Pesticide input data
To estimate average level of pesticide applied per crop at each field site (1km buffer), we calculated a pesticide risk assessment (RI ), including herbicides, insecticides, molluscicides and fungicides, using the methodology described by Yasrebi-de-Kom et al. (2019) as:
\begin{equation} RI=\ \sum{HQ=\left(\frac{Application\ rate\ (\text{g.ha}^{-1})}{Toxicity\ (\text{LD}_{50}\text{\ in\ μg\ per\ bee})}\right)>50}\nonumber \\ \end{equation}
with HQ the hazard quotient (HQ) of each active molecule and the median lethal dose per bee (LD50 ). The median lethal dose is one way to measure the short-term poisoning potential (acute toxicity) of a substance. The LD50 is the amount of a substance, given all at once, which causes the death of 50% of a group of test animals. The hazard quotient ratio gives an approximation of how close the likely exposure of bees is to a toxicologically significant level.
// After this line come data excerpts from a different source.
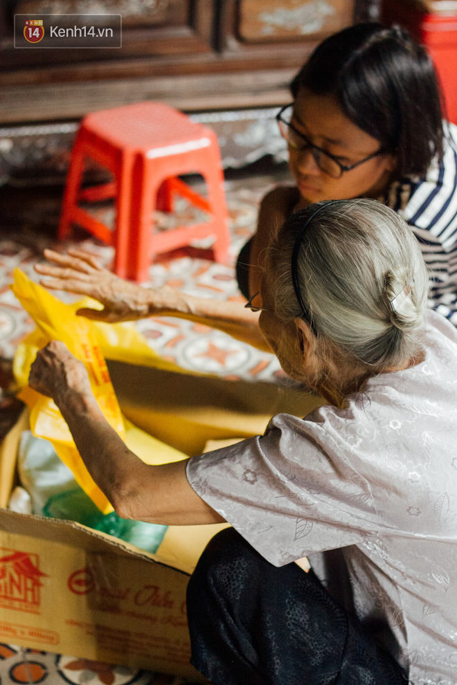 Hình ảnh cụ Vân được in ra rồi gắn lên từng sản phẩm.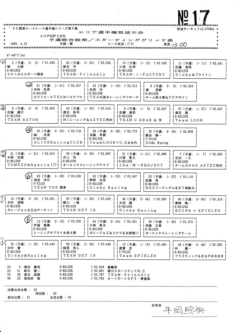 予選結果表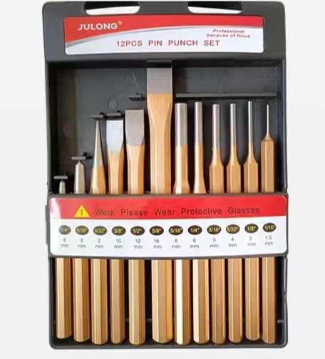 Набор из трех плоских долот (в тканевом мешке); Набор для штамповки из шести предметов (упакован в тканевый мешок); Набор для штамповки и долбления из 12 предметов (пластиковая коробка); Набор из 3 восьмиугольных плоских долот (пластиковая коробка); Набор для штамповки и долбления из 6 предметов (пластиковая коробка); Набор цилиндрических пробойников из 6 предметов (пластиковая коробка); Плоское долото 12*20*250; Плоское долото 12*20*300; Плоское долото 8*14*150; Плоское долото 11*17*175; Плоское долото 11*17*200; Плоское долото 11*17*250; Плоское долото 11*17*300; Плоское долото 12*20*200; Плоское долото 13*23*250; Плоское долото 13*23*300; Точило восьмиугольное 16*300; Точечное долото 17*11*250; Тесак с резиновой ручкой 16*300; Кирка круглая плоская с красной пластиковой ручкой 23*13*250; Красная резиновая ручка, круглое плоское долото 23*13*300; Секатор плоский шестигранный с желтой резиновой ручкой 16*300; Штифт 3 мм.; Штифт 4 мм; Штифт 5 мм; Штифт 6 мм.; Штифт 7 мм; Штифт 8 мм; Центровочный пуансон 4 мм; Центровочный пуансон 5 мм; Центровочный пуансон 6 мм.; Конусный пробойник 5 мм.; Плоское долото восьмиугольное 13*175мм.; Плоское долото восьмиугольное 10*165мм.; Плоское долото восьмиугольное 16*200мм.

The pesticide risk index (RI ) was defined as the number of high risk active ingredients (HQ>50 ; see EPPO, 2010) that were applied. IfHQ<50 , the active ingredient was categorized as low risk to bees.
The LD50 of 390 active ingredients used in the UK and the Netherlands were extracted from the “Pesticides Properties DataBase ” (PPDB) from the University of Hertfordshire, UK (https://sitem.herts.ac.uk/aeru/ppdb/en/index.htm; Lewis et al., 2016; Lewis and Tzilivakis, 2019) (see list of active ingredients in Appendix S1 in Supporting Information). As proposed by EPPO (2010), the risk assessment was carried out selecting the lowest of the oral and contact LD50 values available across the different bee species (honey bees, bumble bees and other wild bees), to take the most conservative approach for the entire bee community (see Table S2). However, LD50 values were mainly available for honey bees, sometimes for bumble bees, and much less frequently for other pollinators (Lewis et al., 2016; Lewis and Tzilivakis, 2019; Yasrebi-de Kom et al., 2019).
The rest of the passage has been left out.